Thursday, January 26, 2012

Today in History: Michigan's 175th Anniversary

Guest post by Cheney Schopieray, Assistant Curator of Manuscripts

On January 26, 1837, Michigan became the 26th state of the Union.
This detail from David Burr's Map of the Northern Parts of Ohio, Indiana And Illinois With Michigan And That Part of the Ouisconsin Territory Lying East of the Mississippi River (Washington, 1836) shows the disputed Toledo Strip.

Michigan's statehood would have been established earlier, were it not for the territory's disputed southern border. The designated border of Michigan Territory was to be an east-west line drawn from the southernmost point of Lake Michigan. Unfortunately, maps used to describe the proposed border in the 1787 Northwest Ordnance and during Ohio's 1802 constitutional discussions (such as John Mitchell's Map of the British and French Dominions in North America) erroneously depicted Lake Michigan's southern shore as further north. Ohio delegates suspected this inaccuracy and adjusted their constitution to describe their northern border as a line angled from Lake Michigan's southern point to land north of Maumee Bay.
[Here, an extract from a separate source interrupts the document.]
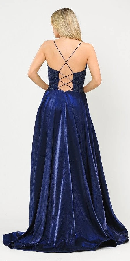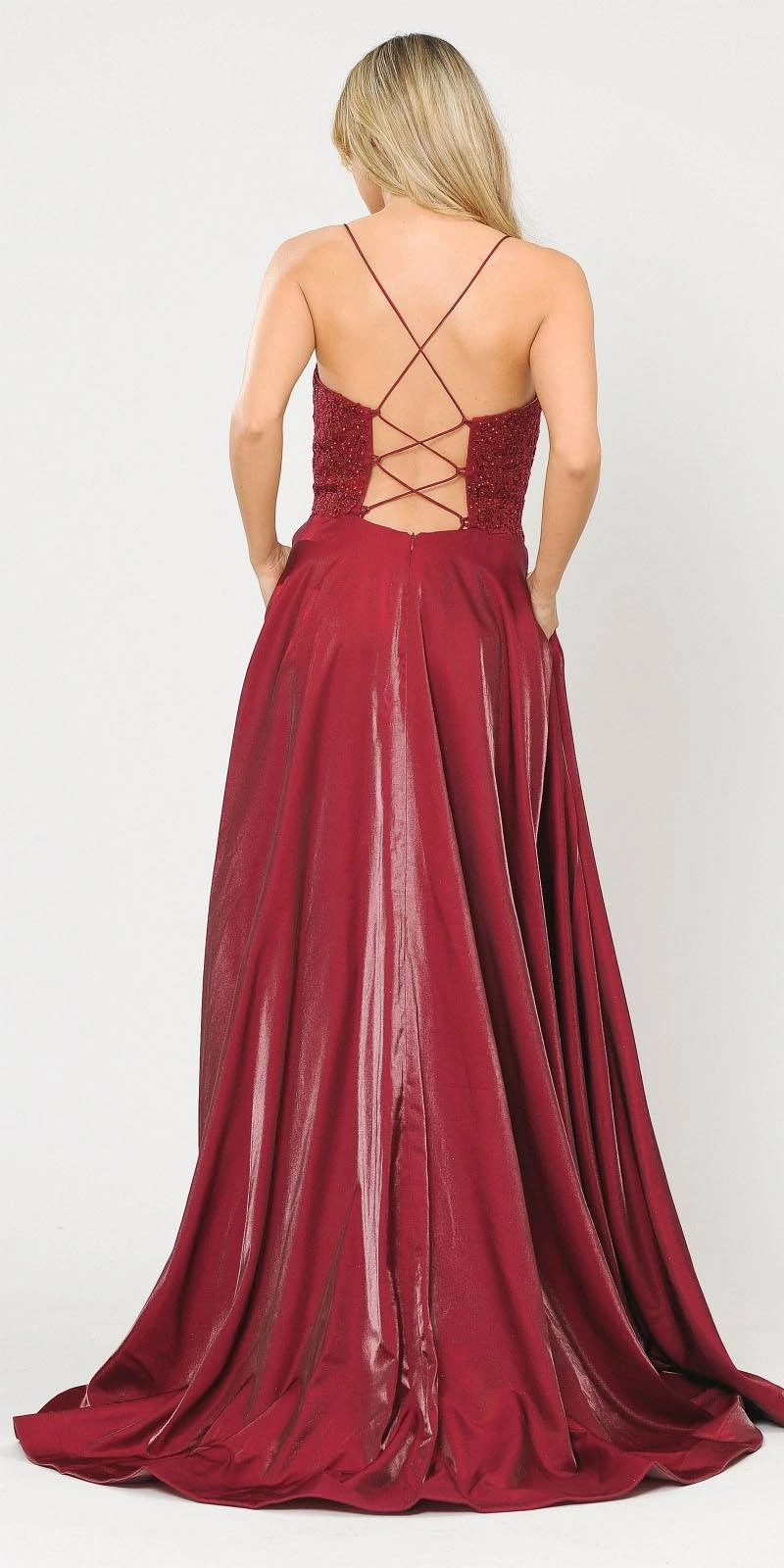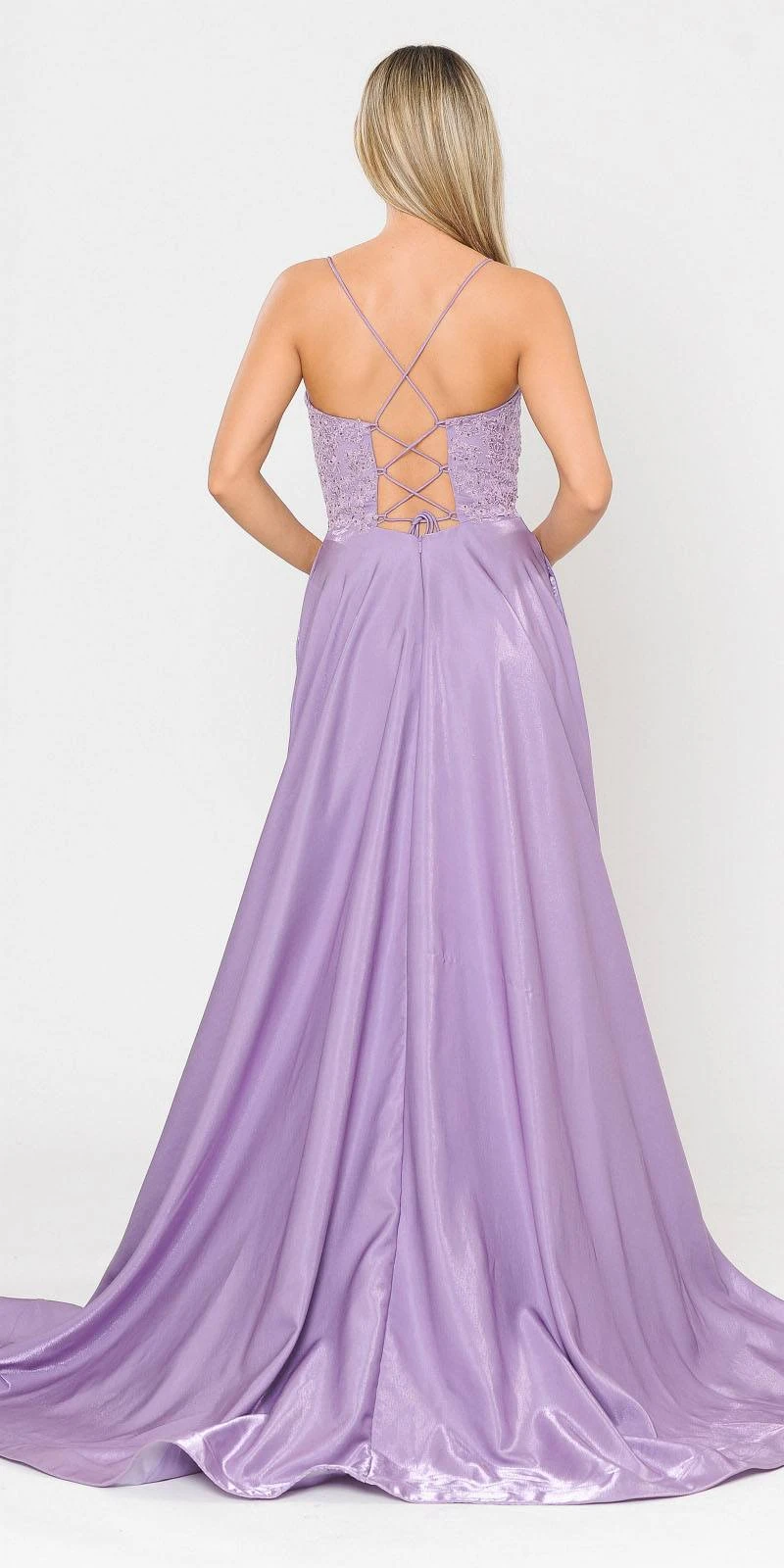 Be confidently beautiful with this lavender ball gown made of iridescent satin fabric by Poly USA | Ed Young 8670. The fitted bodice is completely covered with appliques and tiny beads, secured by a spaghetti straps cascading over the shoulder and reveal a fascinating lace-up open-back. A voluminous shimmering floor-length skirt is added with side pockets for a little comfort on your valuables. This beautiful floor length dress is absolutely fabulous for red carpet events, pageant, prom or in any other formal occasions!Â

Congress established the southern border of Michigan Territory in 1805, according to the language of the 1787 Northwest Ordnance. Official survey lines conducted by William Harris (Ohio, 1802) and John Fulton (Michigan, 1818) showed a discrepancy of nearly 500 square miles, claimed by both Ohio and Michigan Territory. The most important factor in the land dispute was state ownership of the mouth of the Maumee River and the nearby town of Toledo. As the proposed end of the Erie Canal and because of its close proximity to the waterways of the Great Lakes, Toledo was especially desirable real estate. The "Toledo Strip" became a contentious issue when Michigan Territory attempted to gain statehood in 1835. Michiganians and Ohioans argued bitterly over the Toledo Strip nearly to the point of violence.
Stevens T. Mason ALS to Lewis Cass; April 18, 1835. Detroit, Michigan Territory. From the Lewis Cass Papers.

In April 1835, Stevens T. Mason wrote a letter to Lewis Cass (former Michigan Territory governor, then U.S. Secretary of War under Andrew Jackson) explaining that he would resign his own position as Secretary of Michigan Territory if the Federal government recognized the border established in the Ohio constitution. Although Jackson removed Mason from his post, Michigan Territorial residents voted him Governor in October 1835. In 1837, Mason accepted the U.S. Congress proposal that Michigan would gain the Upper Peninsula in exchange for the Toledo Strip.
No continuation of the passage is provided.